→ **Problem requirements**:
The lines to extract begin at the line that contains "⑧• Dresser en" and run through the last line of the listing; reproduce them exactly, minus any pictures.

→ **Collected material**:

=-=-=-=-=

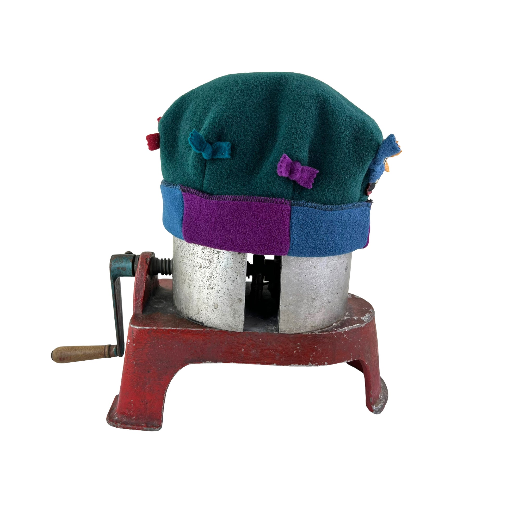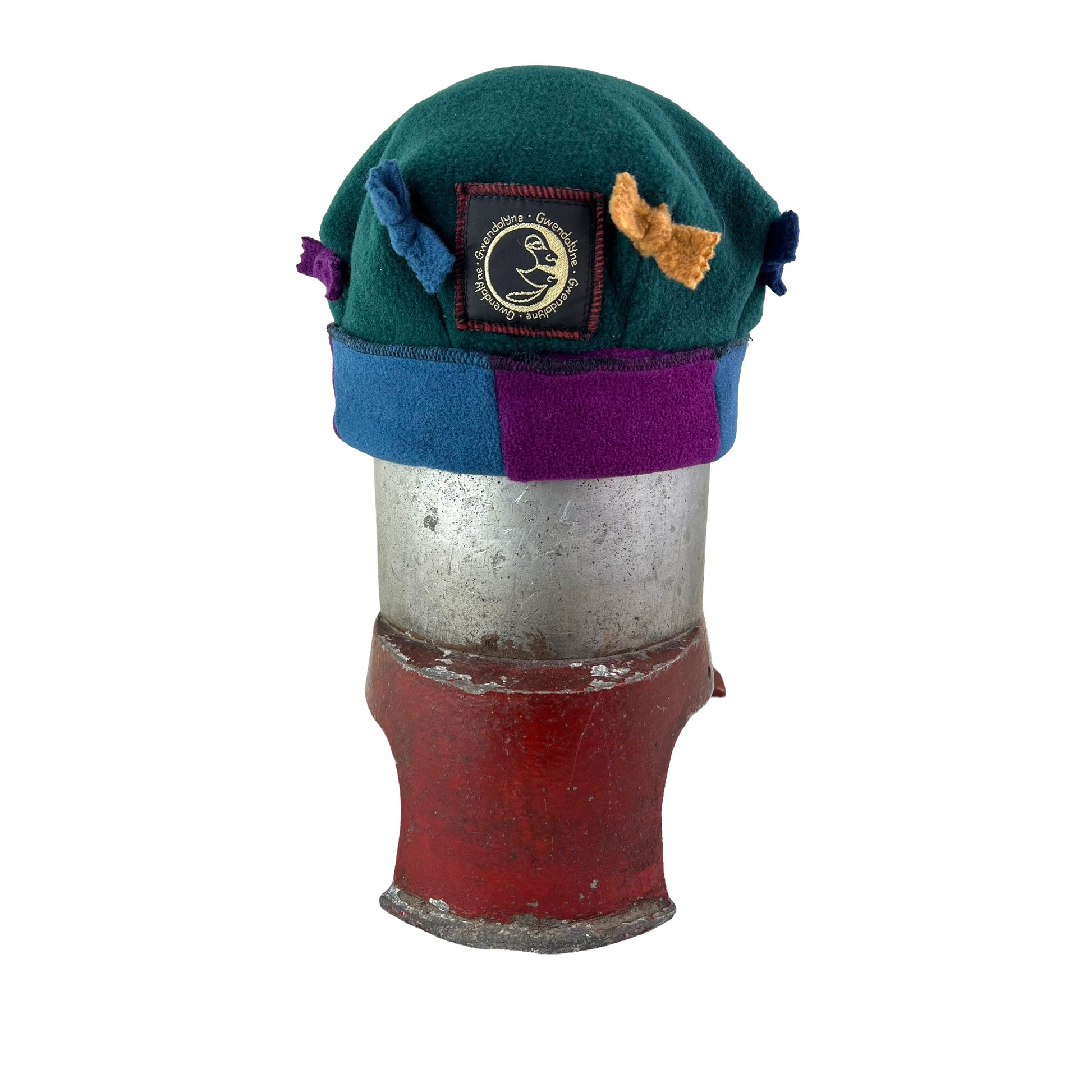 This large size 3 colour polar fleece hand cut colourful hat is one of a kind. It fits someone's head that measures 23" in the round.
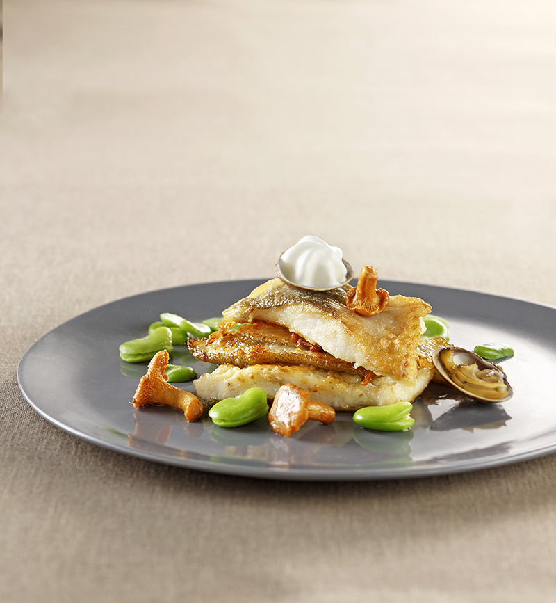 ⑧• Dresser en assiettes, le turbot au centre, les légumes autour, et 2 petits tas de mousse de palourdes.
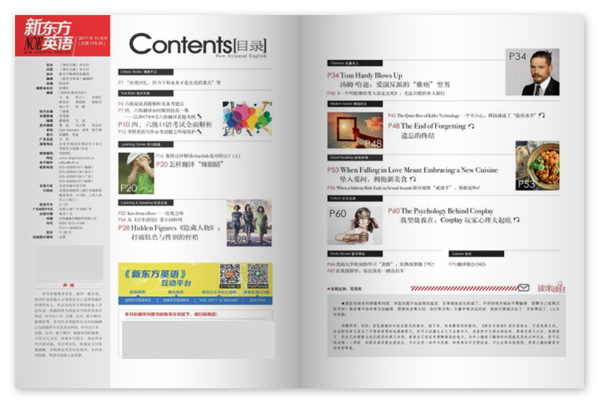 《新東方英語》雜志主要內(nèi)容為實用的考試技巧輔導(dǎo)、的留學資訊、系統(tǒng)的異域文化介紹以及雋永的美文賞析。

=-=-=-=-=

→ **Solution below**:
 ⑧• Dresser en assiettes, le turbot au centre, les légumes autour, et 2 petits tas de mousse de palourdes.
 《新東方英語》雜志主要內(nèi)容為實用的考試技巧輔導(dǎo)、的留學資訊、系統(tǒng)的異域文化介紹以及雋永的美文賞析。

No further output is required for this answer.